A preference for aggregations over group by is a healthy muscle to build. Sometimes writing a custom aggregator (also known as a User-Defined Aggregate Function) can be beneficial. A common use case I come across is counting and deduplicating at the same time. From experience, writing UDAFs in Java/Scala is far cleaner than describing them in SQL, though the outcome is the same.

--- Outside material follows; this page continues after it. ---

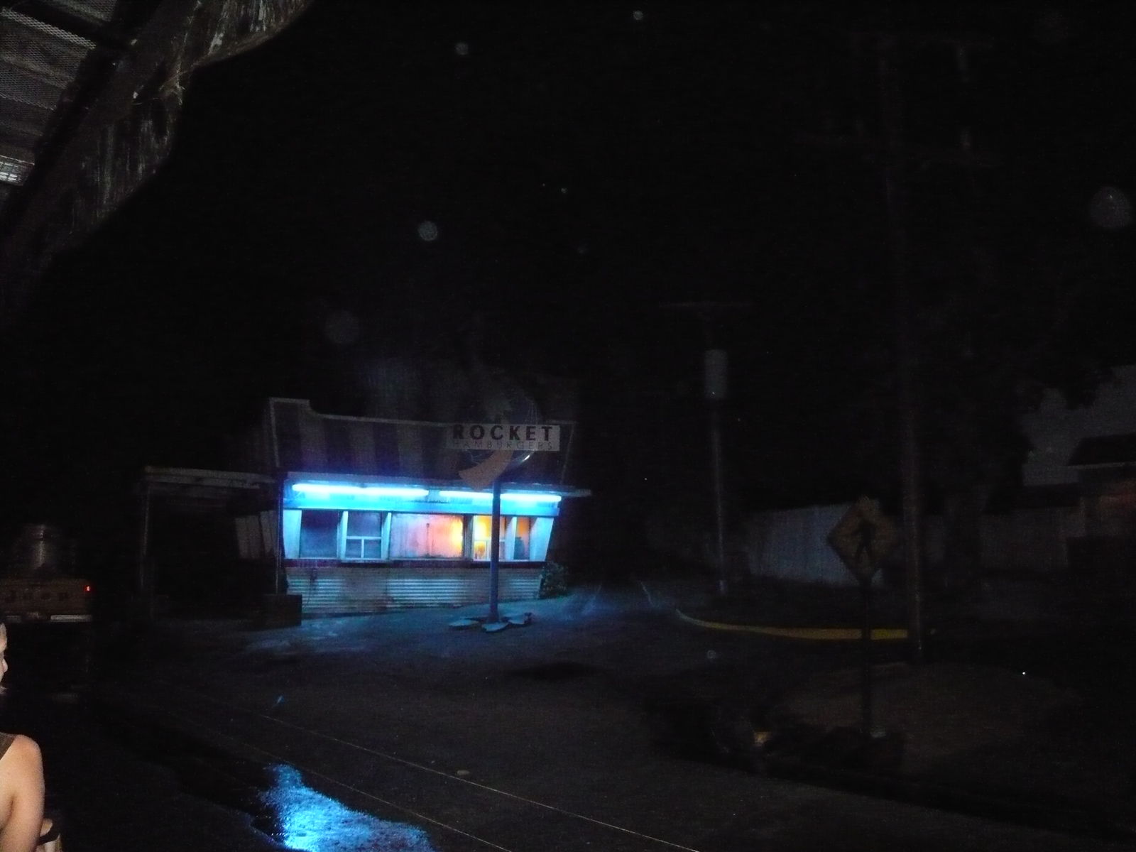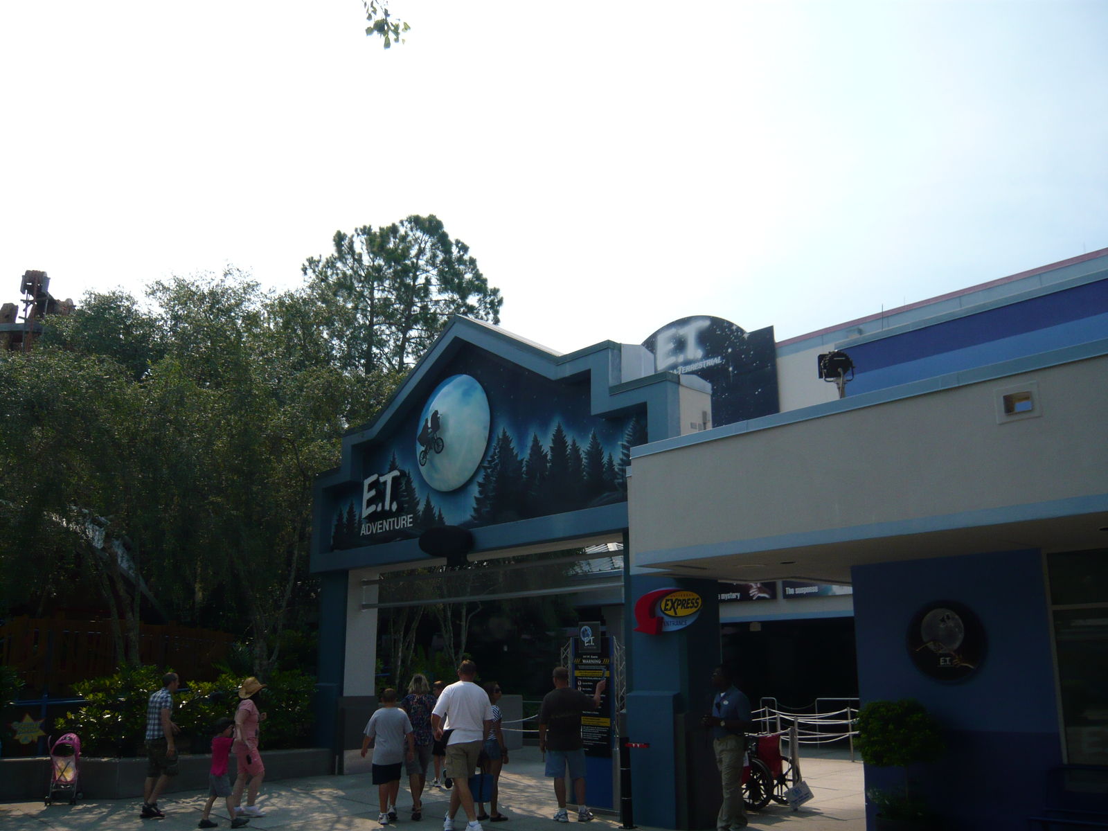 Hierauf war E.T. Adventure an der Reihe, das der eine Kollege und ich schon aus den Studios in Hollywood kannten. Ebenda wurde dieser stellenweise niedliche und schön gemachte Darkride mit aufgehängten Gondeln jedoch für die dortige Version von The Mummy geopfert. Im Prinzip sitzt man auf Fahrrädern und es wird die finale Fluchtszene des Films nachgestellt. Im ersten Teil kurvt man also durch den finsteren nächtlichen Wald, immer auf der Flucht vor den Polizeiautos, danach hebt man mithilfe von E.T.s Kräften in den Sternenhimmel ab, direkt vor dem scheinenden Vollmond durch. Gerade diese Szene ist echt toll gemacht, wird vom originalen Film-Soundtrack untermalt und man schwebt über eine wirklich detailvoll gestaltete und beleuchtete kleine Modellstadt drüber. Am Ende dann auf E.T.s Heimplaneten angekommen, wird man von E.T.s Verwandten und Freunden begrüsst und ein Fest mit absolut seltsamer Musik wird ausgerichtet. Hier wirken die in die Jahre gekommenen Animatronics dann wieder etwas gar komisch, besonders einen "tanzenden" E.T.-Verschnitt hab ich hier äusserst verstörend im Gedächtnis!

Finally, I recommend setting these SPJ required properties at the job level, as it turns off Adaptive Query Execution. AQE can be beneficial for other queries that might encounter data skew. In other words: Use SPJ where it’s going to help, and don’t shoot yourself in the foot everywhere else.

Appendix

Here are the settings required to perform an SPJ for copying to wherever you set your spark properties:

# Spark SQL
set spark.sql.autoBroadcastJoinThreshold = -1; # This is not strictly necessary, just important for testing so that a broadcast doesn't happen instead.
set spark.sql.adaptive.enabled = false;
set spark.sql.sources.bucketing.enabled = true;
set spark.sql.sources.v2.bucketing.enabled=true;
set `spark.sql.iceberg.planning.preserve-data-grouping` = true;
set spark.sql.sources.v2.bucketing.pushPartValues.enabled=true;
set spark.sql.requireAllClusterKeysForCoPartition=false;
set spark.sql.sources.v2.bucketing.partiallyClusteredDistribution.enabled=true;
set `spark.sql.iceberg.distribution-mode`=none; # Only necessary to avoid shuffle before writing


# Spark Conf Setting
conf.set("spark.sql.autoBroadcastJoinThreshold","-1")
conf.set("spark.sql.adaptive.enabled","false")
conf.set("spark.sql.sources.bucketing.enabled","true")
conf.set("spark.sql.sources.v2.bucketing.enabled","true")
conf.set("spark.sql.iceberg.planning.preserve-data-grouping","true")
conf.set("spark.sql.sources.v2.bucketing.pushPartValues.enabled","true")
conf.set("spark.sql.requireAllClusterKeysForCoPartition","false")
conf.set("spark.sql.sources.v2.bucketing.partiallyClusteredDistribution.enabled","true")
conf.set("spark.sql.iceberg.distribution-mode","none")

# Spark Shell Example
spark-shell --packages org.apache.iceberg:iceberg-spark-runtime-3.5_2.12:1.5.2 \
--conf spark.sql.extensions=org.apache.iceberg.spark.extensions.IcebergSparkSessionExtensions \
--conf spark.sql.catalog.local=org.apache.iceberg.spark.SparkCatalog \
--conf spark.sql.catalog.local.type=hadoop \
--conf spark.sql.catalog.local.hdfs_catalog.io-impl=org.apache.iceberg.gcp.gcs.GCSFileIO \
--conf spark.sql.catalog.local.warehouse=gs://path-to-your/warehouse \
--conf spark.sql.defaultCatalog=local \
--conf spark.sql.autoBroadcastJoinThreshold=-1 \
--conf spark.sql.adaptive.enabled=false \
--conf spark.sql.sources.bucketing.enabled=true \
--conf spark.sql.sources.v2.bucketing.enabled=true \
--conf spark.sql.iceberg.planning.preserve-data-grouping=true \
--conf spark.sql.sources.v2.bucketing.pushPartValues.enabled=true \
--conf spark.sql.requireAllClusterKeysForCoPartition=false \
--conf spark.sql.sources.v2.bucketing.partiallyClusteredDistribution.enabled=true \
—conf spark.sql.iceberg.distribution-mode=none

1

The first time you run this command it may take a while, as the spark docker image is quite large and has to be downloaded. The second time you use this command it will be instantaneous.